[This is a Guest Diary by Justin Leibach, an ISC intern as a part of the SANS.edu BACS [1] degree program]
The web logs from my DShield [2] honeypot always produce the most interesting information. I enjoy being “on keyboard” and using command line tools to view, sort, filter and manipulate the .json files, it is weirdly satisfying. Pounding away on my mechanical keyboard is effective for a single log file, but when I started to zoom out a bit and began looking at multiple days, weeks, even months of information, it became clear there must be a better way.

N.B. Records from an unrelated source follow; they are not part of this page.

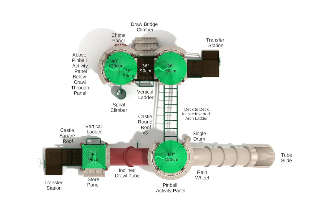The Banneret Borough is a large and tall structure that pulls children towards your playground. Although it has an exciting appearance, it also promises an unforgettable play session. At the ground level, kids can discover new tunes at the Single Drum. Or, they could take command of their imaginary ship at the Rain Wheel and steer it clear of any sea rocks. The Banneret Borough is also perfect for hot days because the Crawl Through Panel offers a cozy, shaded resting spot away from the sun. The structure comes with three climbers that children can take to reach the elevated area. It has vertical ladders for a simple way to the top. The Spiral Climber and the Draw Bridge Climber are for those who love a challenge. At the top, there’s a lot more to explore, including the Chime Panel and the Pinball Activity Panel. When it is time to leave, kids can zoom down via the attached Tube Slide.
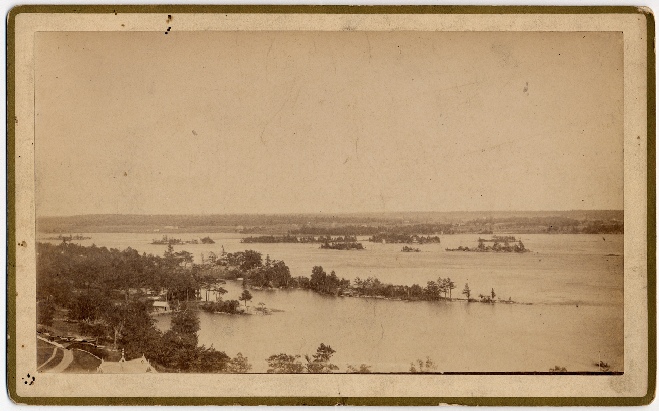 Islands in St. Clair Flats viewed from the air. Handwritten on cabinet card back: "South east from T.J.[?] Park."
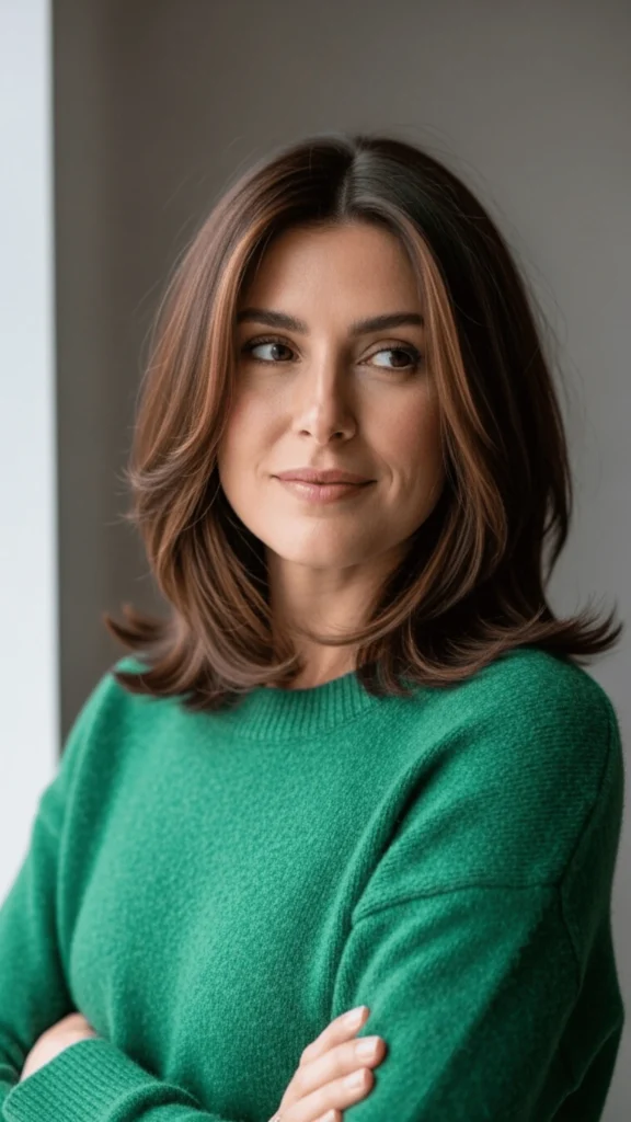 And honestly, this bob represents the best of both worlds: structured enough to look intentional, textured enough to feel effortless. The emerald green sweater in this image shows how this hair color palette works beautifully with spring’s jewel-toned trend.
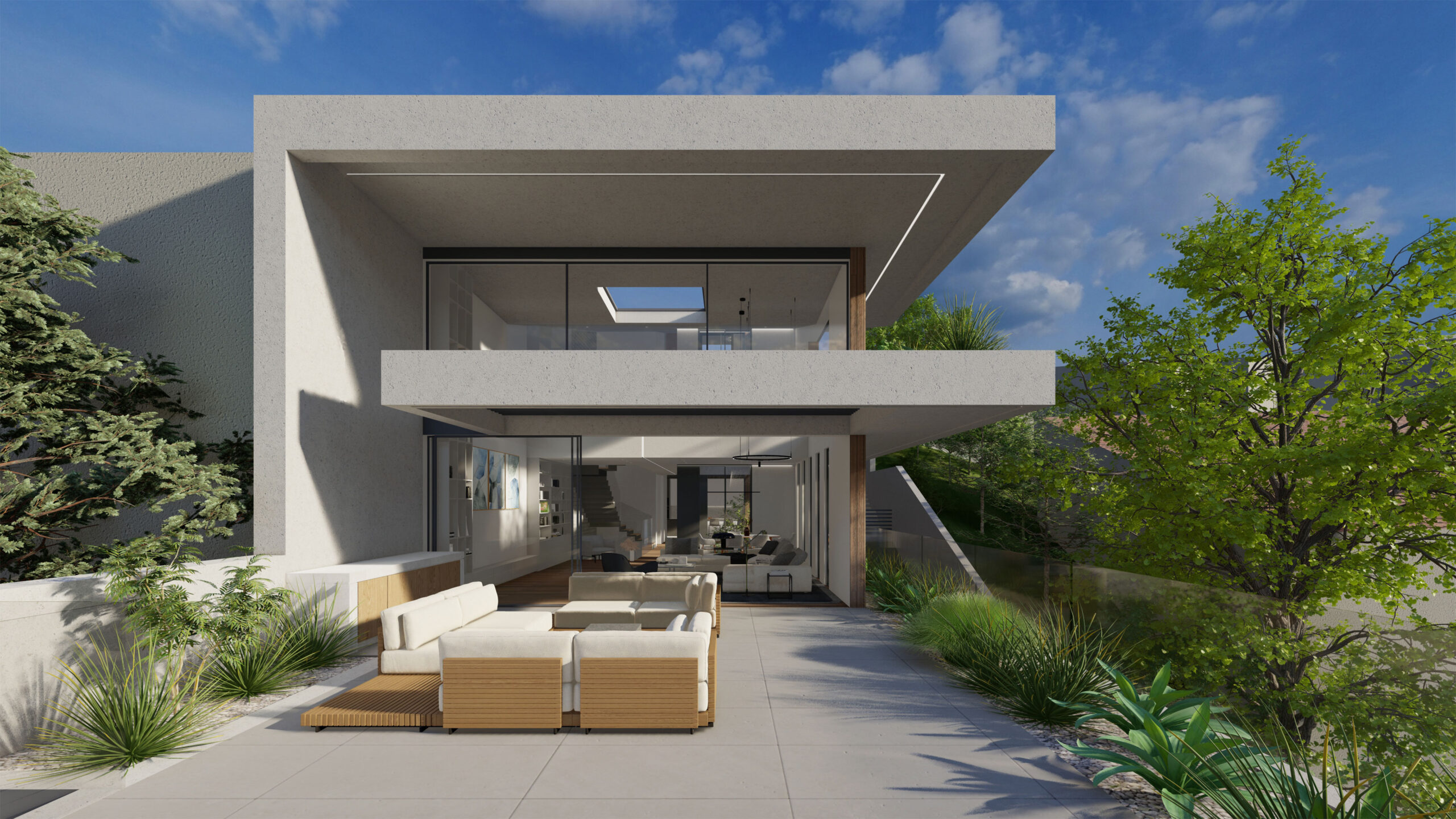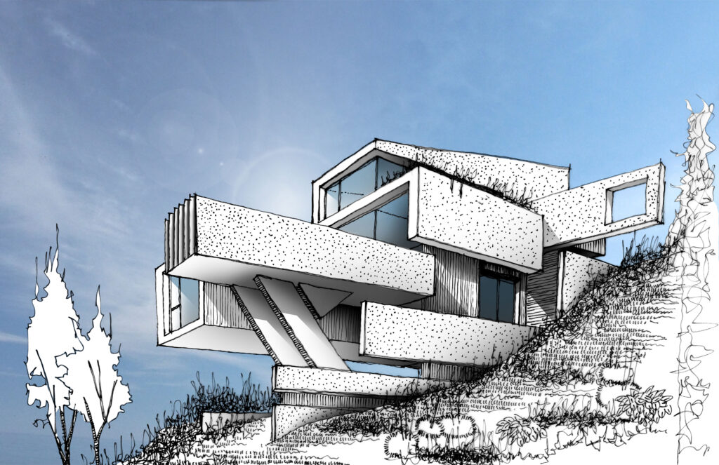 Σε οικόπεδο στo Πανόραμα της Βούλας με έντονη κλίση, δημιουργείται μια σύγχρονη κατοικίας που ανταποκρίνεται στις σύγχρονες τεχνολογίες υλικών και ενέργειας, αποτελώντας ένα κτήριο τοπόσημο για την περιοχή. Το ίδιο το οικόπεδο και η τοπογραφία υπαγορεύει τα 4 διαφορετικά επίπεδα σαν να αναδύονται από το βράχο. Οι μεγάλοι εξώστες και οι υπαίθριοι χώροι εκμεταλλεύονται την πανοραμική θέα προς τη θάλασσα
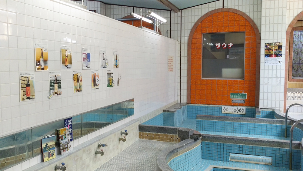 お湯は入っていませんが湯船に入りながらビールを飲むことができ、またビールのグラスが銭湯ならではの「牛乳びんグラス」となっており、腰に手を当ててグイっと一気に飲みたくなるほど、銭湯銭湯したパブです。
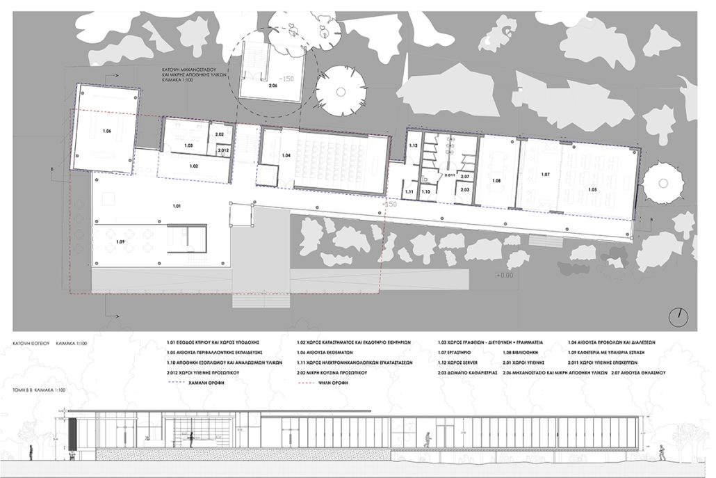 Συγκεντρώνονται σε ένα “κουτί” που τοποθετείται μεταξύ των πιο “ανοικτών” χώρων της υποδοχής και του καταστήματος στα δυτικά και τους πιο “κλειστούς” χώρους εκπαίδευσης και έρευνας στα ανατολικά.
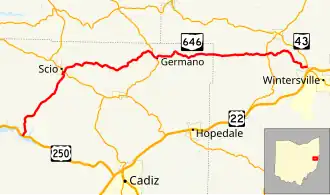 The first segment of SR 646 designated as a state highway was in 1937 on the route connecting Scio with its present eastern terminus at SR 43 near Wintersville.[4][5] At its inception as a state route, most of the road was gravel-paved, though a short segment near Scio was asphalt-paved and another segment near the eastern terminus was dirt.[5] More segments were paved until the 1960s when the road was fully paved.[6]
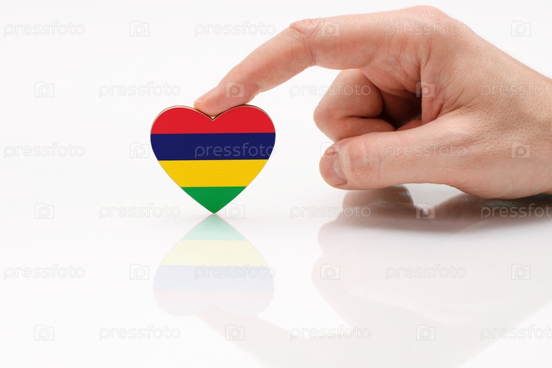 Флаг острова Маврикий. Любите и уважайте Маврикий. Мужская рука держит сердце в форме флага Маврикия на поверхности белого стекла. Концепция патриотизма и туризма
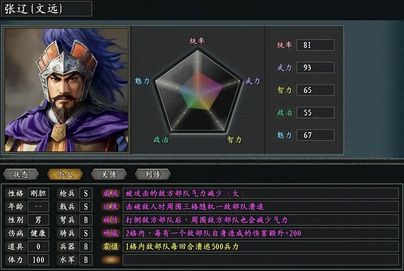張遼是可以入選此版本最強副將行列的武將,自身的特技效果都是非常優秀的,更不用說依靠遼來的特技效果,可以很好的壓制頂級武將在戰場上的瘋狂表現了。
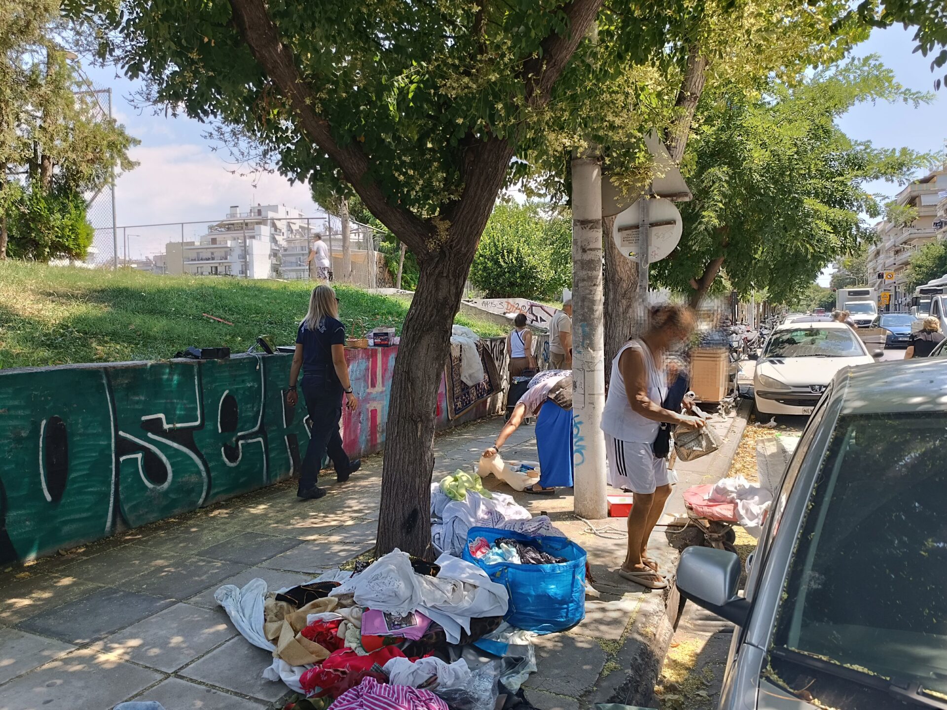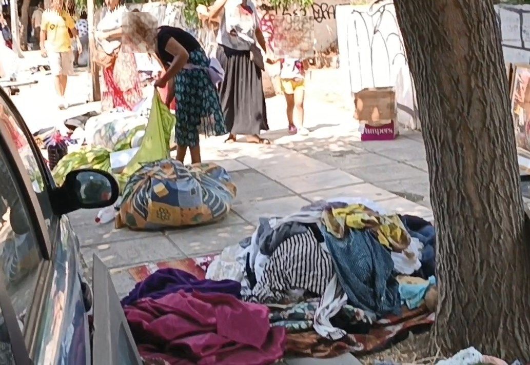 «Δεν μας θέλουν γιε μου, δεν μας δίνουν άδειες, μας κυνηγάνε. Να μας δώσουν άδειες να είμαστε νόμιμοι», μας είπε μία ηλικιωμένη ρομά που πωλούσε εσώρουχα και είδη ρουχισμού χθες στην Δελφών. Εκείνη την ώρα μόλις είχε εμφανιστεί ένα περιπολικό της αστυνομίας και όλοι βιαστικά έσπευσαν να μαζέψουν τα εμπορεύματα που είχαν απλώσει κατά μήκος της οδού, από την επάνω πλευρά του δρόμου, μέχρι τη γωνία με την οδό Γεωργίου Παράσχου.
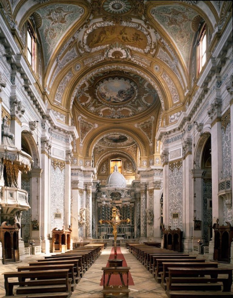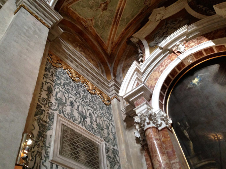 Several churches had existed on this site in Cannaregio, but they were either destroyed by fire or demolished. Around 1715 the Jesuits commissioned the church of Santa Maria Assunta that still stands there today; it is commonly known as the Gesuiti. The design of the church is credited to architect Domenico Rossi, and a significant portion of the project was financed by the Manin, a wealthy family of the Venetian nobility. The church’s interior columns, pilasters, and cornices are richly decorated with inlaid green and white marble, designed and draped to look like damask. The floor is paved with an elaborate design in black and white marble.
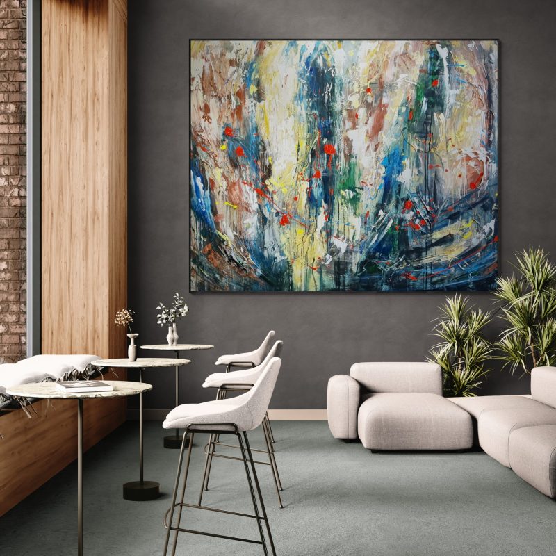 This painting requires framing behind glass
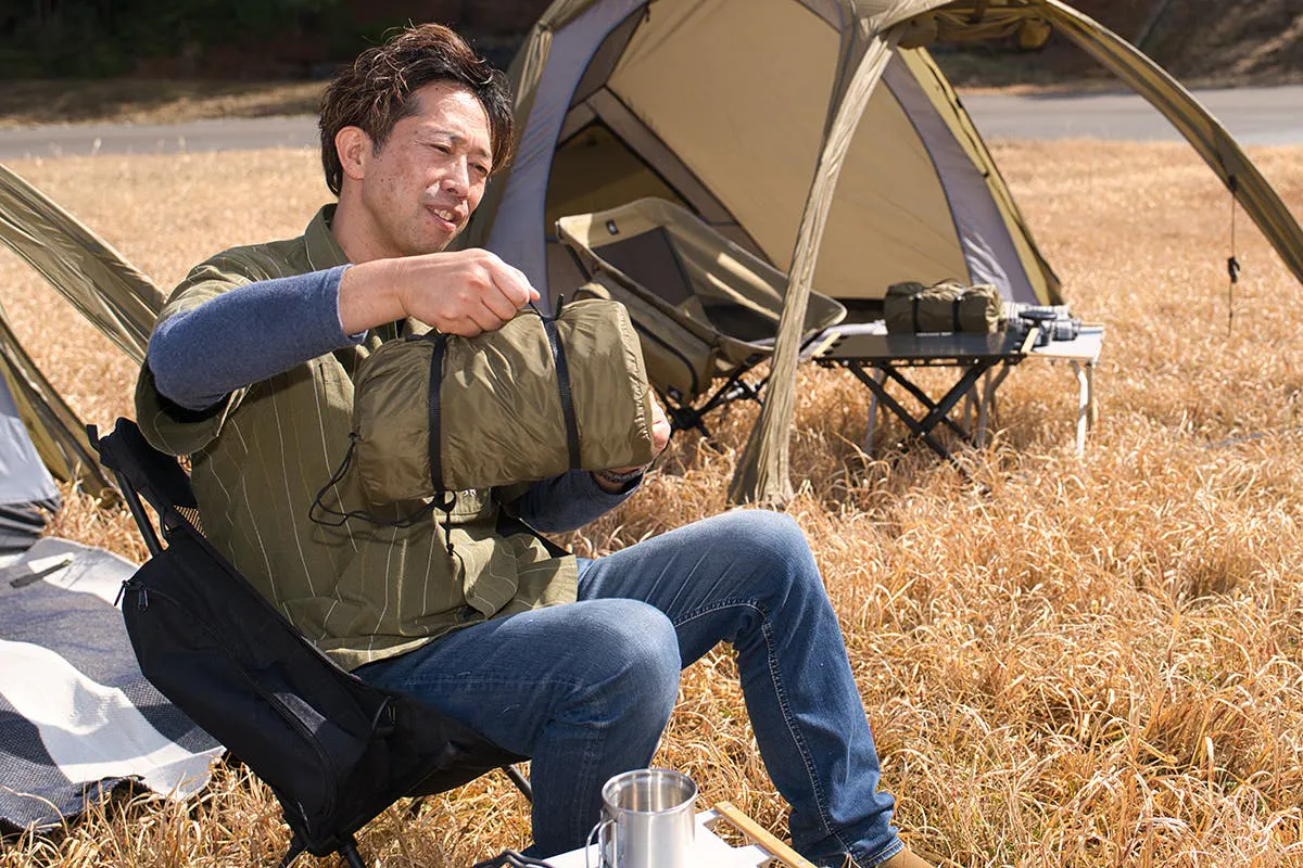 分離することで、エアーマットをイスのクッションや座布団代わりに使える、うれしいメリットも生まれました。これまで寝る時にしか使わなかったマットが、日中も活躍するようになったんです。足側のエアーマットを持っていかなければ、さらにコンパクトに持ち運ぶこともできます。
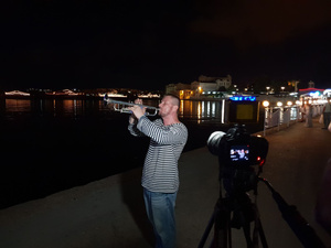 Солдата с матросом с какой точки снимал? Понять не могу.Территория яхт-клуба, на своем катере к плавкрану отплыл, дальше нельзя было.
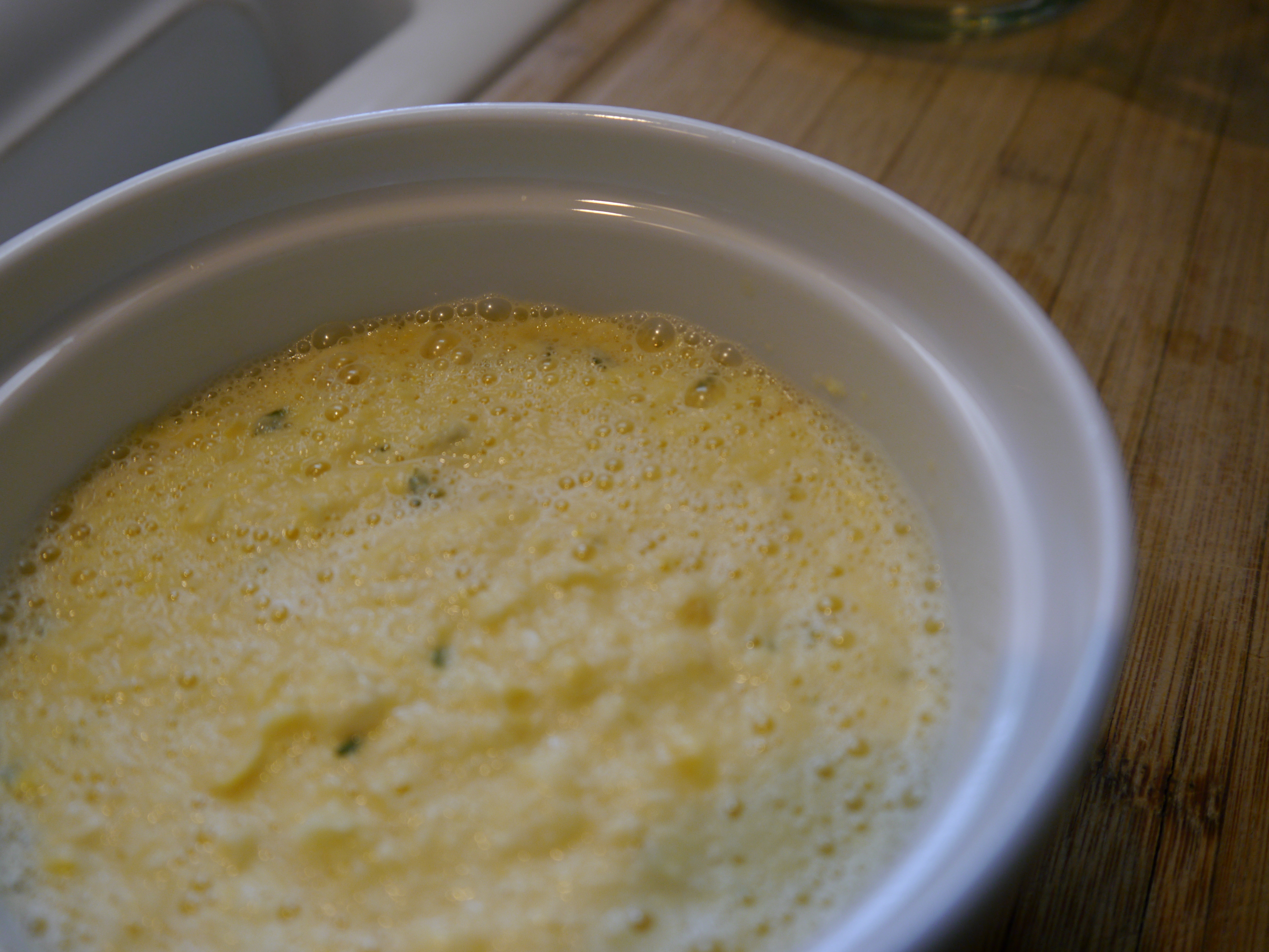 This is the point where I found myself with a few extra minutes and wanting something more out of this meal.  I decided to make a very quick Truffle Cream Sauce.  I am a chronic anti-measurer in the kitchen, so this is more of a ‘method’ than an exact recipe; you might find yourself needing a little more liquid than I suggested.  The addition of the sauce is COMPLETELY optional.  It was not necessary at all, but truffles and corn are delicious together and it really did help to tie it all together.

If you are busy, and need a TLDR, here it is: My GitHub [3]
Log files combined: 31
Lines of JSON parsed: 163,510,310
Countries of origin: 76
Script running time: 7 minutes
Steps from start to finish: 4
My outputs from running the scripts:
Figure 3: Screenshot capturing running the script and the printed output of a Python Dictionary holding all countries and occurrences.
Before I started solving the problem, I needed to define it:
I want to know what countries are probing my honeypot the most, over time, to develop a better threat intelligence picture.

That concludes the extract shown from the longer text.